Even for a film made in the late 1950s, this film has something of a modern-day wit and sensibility. The brilliant cast chews up the dialogue with gusto, and indeed, what a cast: Jack Hawkins, Nigel Patrick, Roger Livesay, Richard Attenborough, Bryan Forbes and even Oliver Reed in perhaps one of the most ill-judged cameos ever, a briefest of moments that likely haunted him for years, it’s so awkward and camp. A reminder that even the biggest of movie stars need to put food on the table before stardom calls.

The story is a boys-own adventure by way of a sojourn in the world of noir:  Colonel Hyde (Jack Hawkins), having suffered enforced redundancy from his beloved army, recruits seven other dissatisfied ex-servicemen for a bank robbery.  Each of his carefully-chosen recruits are experts in their particular field, forced out of the service and each with shady backgrounds and need for money.  Hyde reasons that only a crack team with military discipline and training can pull off the daring heist that he has in mind.
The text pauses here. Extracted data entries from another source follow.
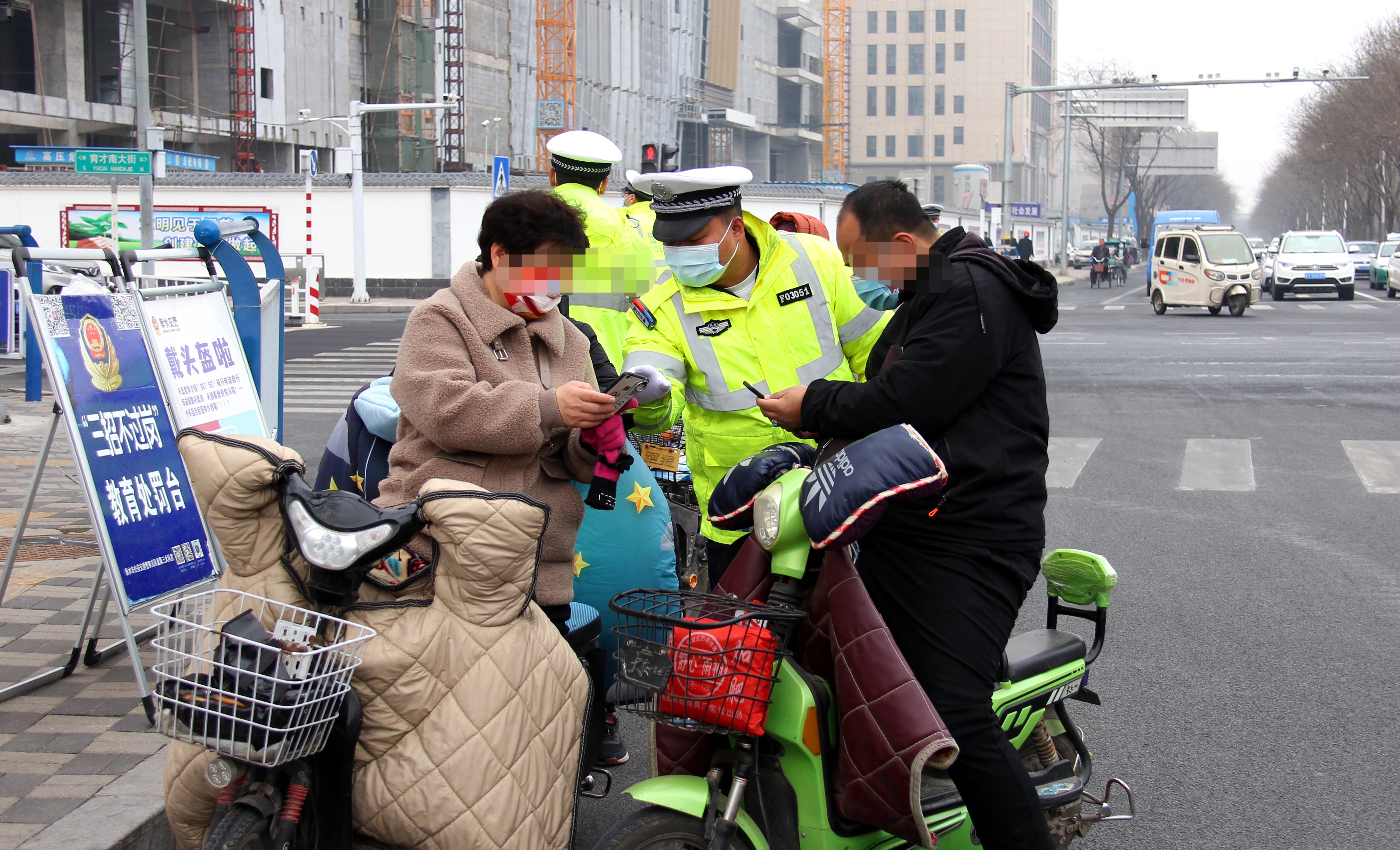 像林女士这样自觉佩戴头盔的市民不在少数,但也有部分市民意识淡薄,没能遵守这一规定,先后被交警拦下。“早晨出门急,忘记戴了……”一男子被拦下,还没等执勤交警赵子越开口,对方就有些懊悔地解释起来。根据“三招不过岗”的管理规定,赵子越对其进行了批评教育,并要求其扫描二维码,进入小程序违法信息页面如实填写登记信息。一名小伙子骑电动车来到路口,看到前方的交警,立刻停下来,从车筐里拿出头盔戴上。一位大妈因未戴头盔被交警拦下后,赶忙调转车头:“我刚出小区门,这就回家去戴头盔”……在现场,记者注意到,交警除了查纠电动车驾乘人员未正确佩戴安全头盔的行为,还针对逆行、闯红灯等其他交通违法行为进行了治理。
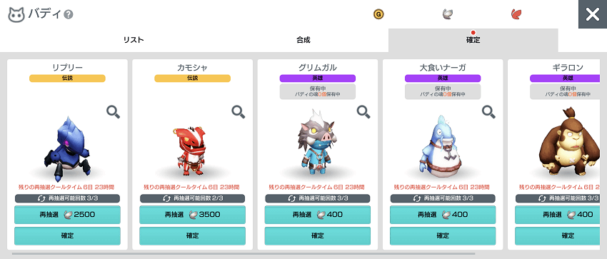 バディ合成で英雄等級以上のバディを獲得すると、同じ等級の別のバディにチェンジ、または確定獲得できるバディチェンジ(再抽選)システムが実装されました。お目当てのバディがなかなか手に入らない時などにぜひご活用ください。
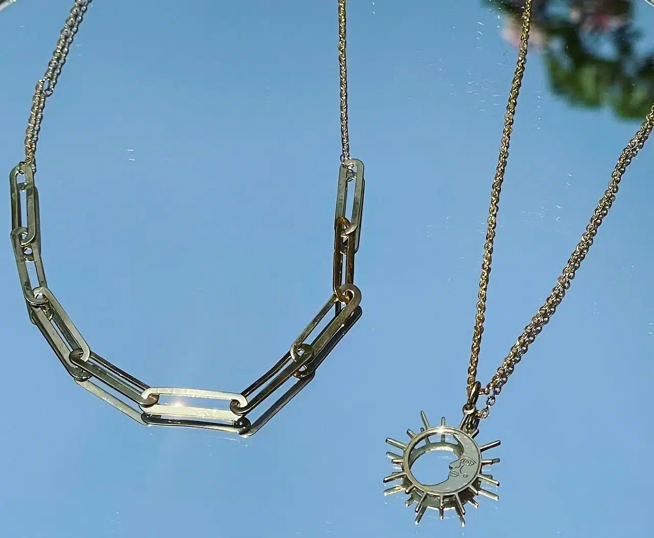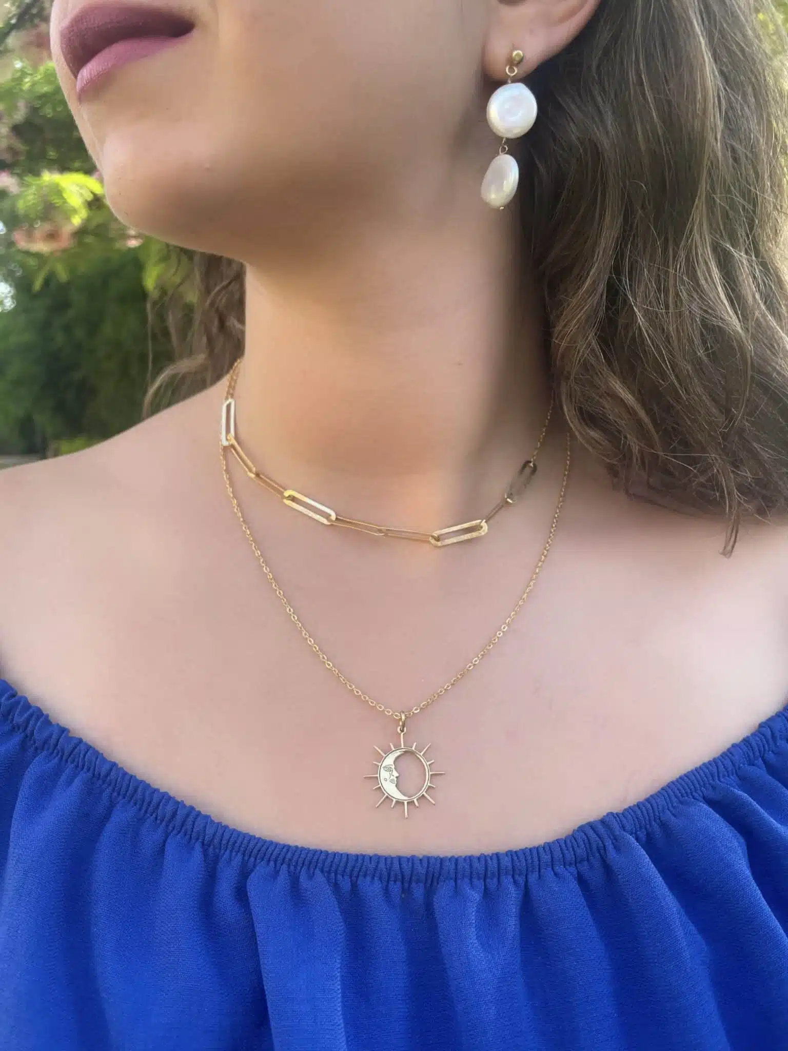 Sun and moon gold platted silver Necklace
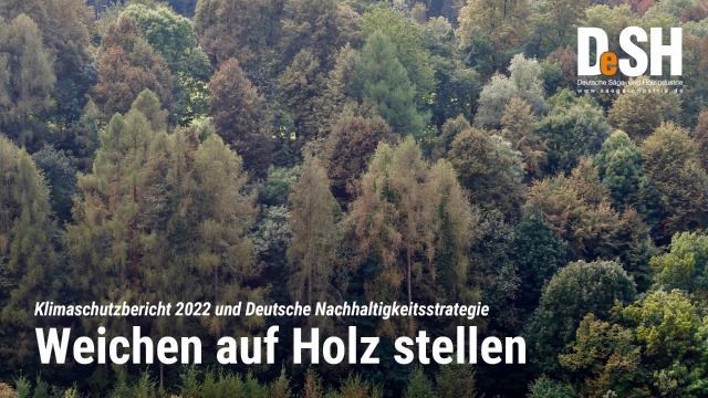 Klimaschutzbericht 2022 und Deutsche NachhaltigkeitsstrategieWeichen auf Holz stellenNachdem das Bundeskabinett am Mittwoch den Klimaschutzbericht 2022 beschlossen und der Deutsche Bundestag seine gestrige Generaldebatte der Nachhaltigkeitsstrategie widmete, unterstreicht der Deutsche Säge- und
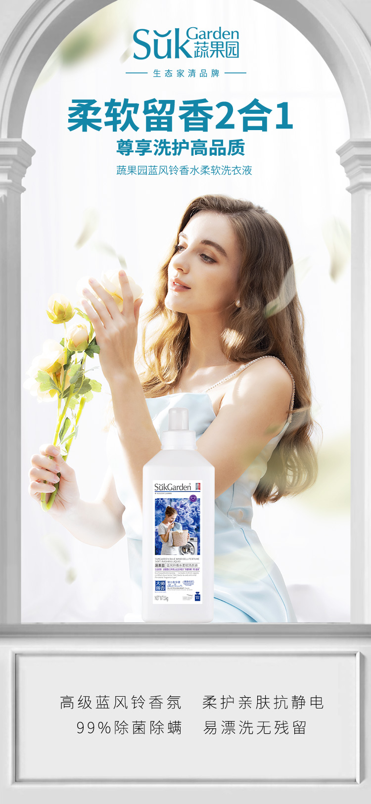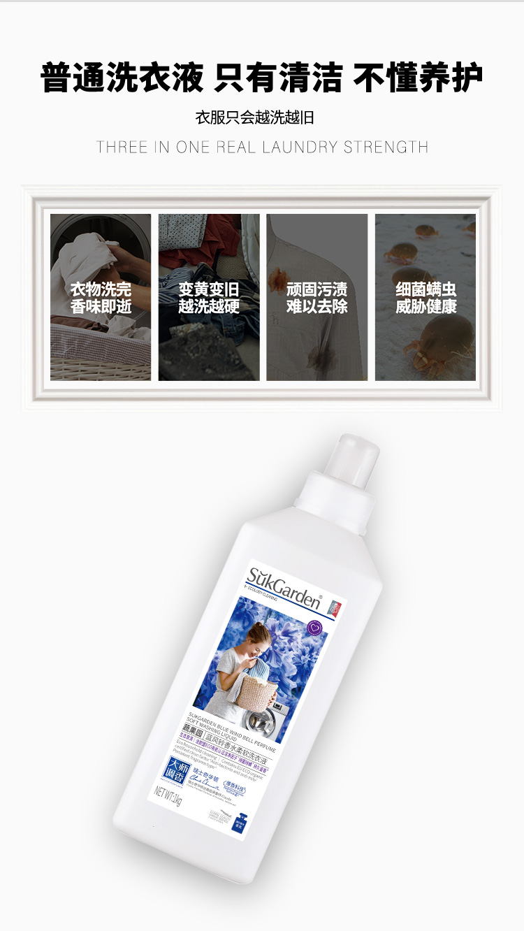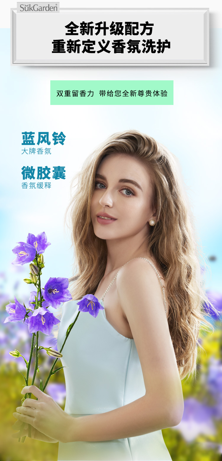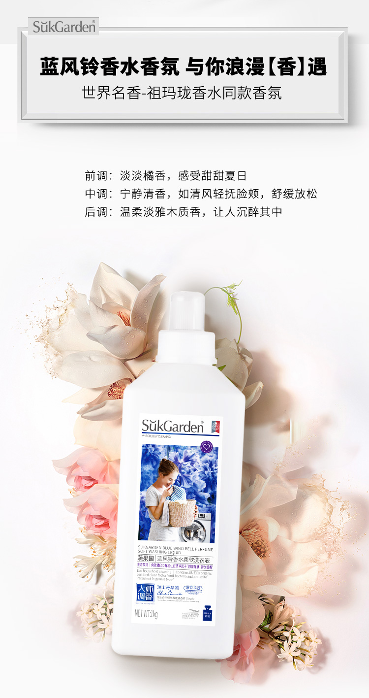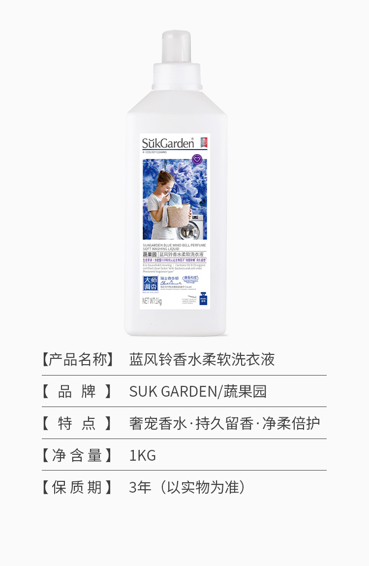 商品名称:SukGarden蔬果园 蓝风铃香水柔软洗衣液 (持久留香型) 1kg
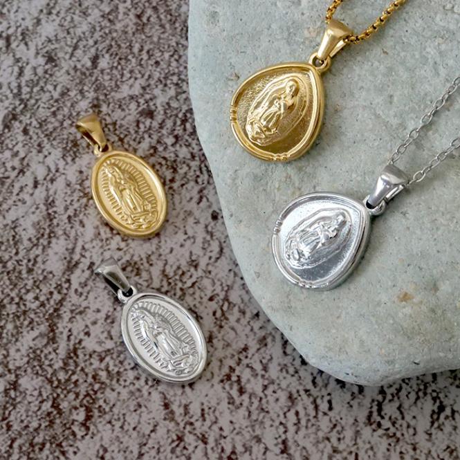 ステンレス製 ペンダントトップ 【76. マリア メダイ】金属アレルギー対応 奇跡 不思議 メダル コイン パーツ ネックレス ハ...
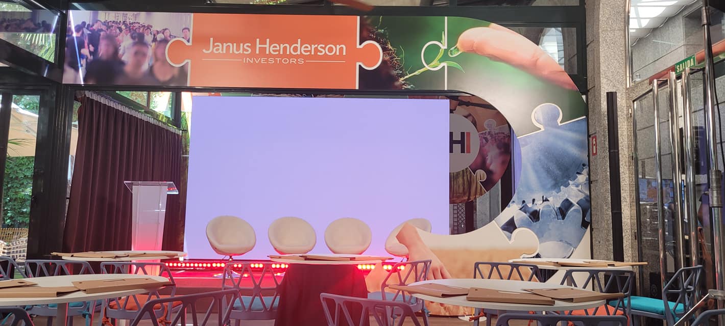 Decorado de escenario para evento en un patio interior de la Calle Serrano de Madrid.

Naturally there are twists and turns and tense moments, and the film dates from a period when crime really wasn’t seen to pay, so you can guess how things end up, but its a cracking yarn well-told, and quite daring, I think, for its time in how it tackles topics like bad marriages, promiscuous wives and hidden homosexuality.

A surprising treat and a cracking entirely British film the likes of which we don’t see anymore. Not unless Guy Ritchie picks up the phone, that is…

league1

*The League of Gentlemen is currently doing the rounds on the Talking Pictures channel available on Freeview, Sky, Virgin media etc. and is well worth looking out for.